Articles of merger shall be prepared that contain:
(1) the plan of merger;
(2) a statement that the parent owns directly, or indirectly through related organizations, at least 90 percent of the outstanding shares or other ownership interests of each class and series of each subsidiary that is a constituent organization in the merger, other than the classes or series that, absent this section, would otherwise not be entitled to vote on the merger; and
(3) a statement that the plan of merger has been approved by the parent under this section.
Subd. 4.Articles signed, filed.
The articles of merger shall be signed on behalf of the parent and filed with the secretary of state.
Subd. 5.Certificate.
The secretary of state shall issue a certificate of merger to the parent or its legal representative or, if the parent is a constituent organization but is not the surviving organization in the merger, to the surviving organization or its legal representative.
Subd. 6.Rights of dissenting shareholders.

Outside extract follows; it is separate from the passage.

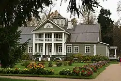 The district contains thirty-two cultural heritage monuments of federal significance and additionally forty-two objects classified as cultural and historical heritage of local significance.[14] The majority of the federally protected monuments are grouped in and around the Mikhaylovskoye Museum Reserve, a large museum complex located in Pushkinskiye Gory and the surrounding villages. The complex is devoted to Alexander Pushkin, a Russian 19th century national poet, who owned an estate in the village of Mikhaylovskoye and spent there considerable periods of his life. He was buried in Svyatogorsky Monastery in what is currently Pushkinskiye Gory. Other monuments are archeological sites.

In the event all of the stock of one or more domestic subsidiaries that is a constituent corporation in a merger under this section is not owned by the parent directly, or indirectly through related organizations, immediately prior to the merger, the shareholders of each subsidiary that is a domestic corporation have dissenters’ rights under sections 302A.471 (without regard to section 302A.471, subdivision 3) and 302A.473. If the parent is a constituent corporation but is not the surviving corporation in the merger, and the articles of incorporation of the surviving corporation immediately after the merger differ from the articles of incorporation of the parent immediately prior to the merger in a manner that would entitle a shareholder of the parent to dissenters’ rights under section 302A.471, subdivision 1, paragraph (a), if the articles of incorporation of the surviving corporation constituted an amendment to the articles of incorporation of the parent, that shareholder of the parent has dissenters’ rights as provided under sections 302A.471 and 302A.473. Except as provided in this subdivision, sections 302A.471 and 302A.473 do not apply to any merger effected under this section.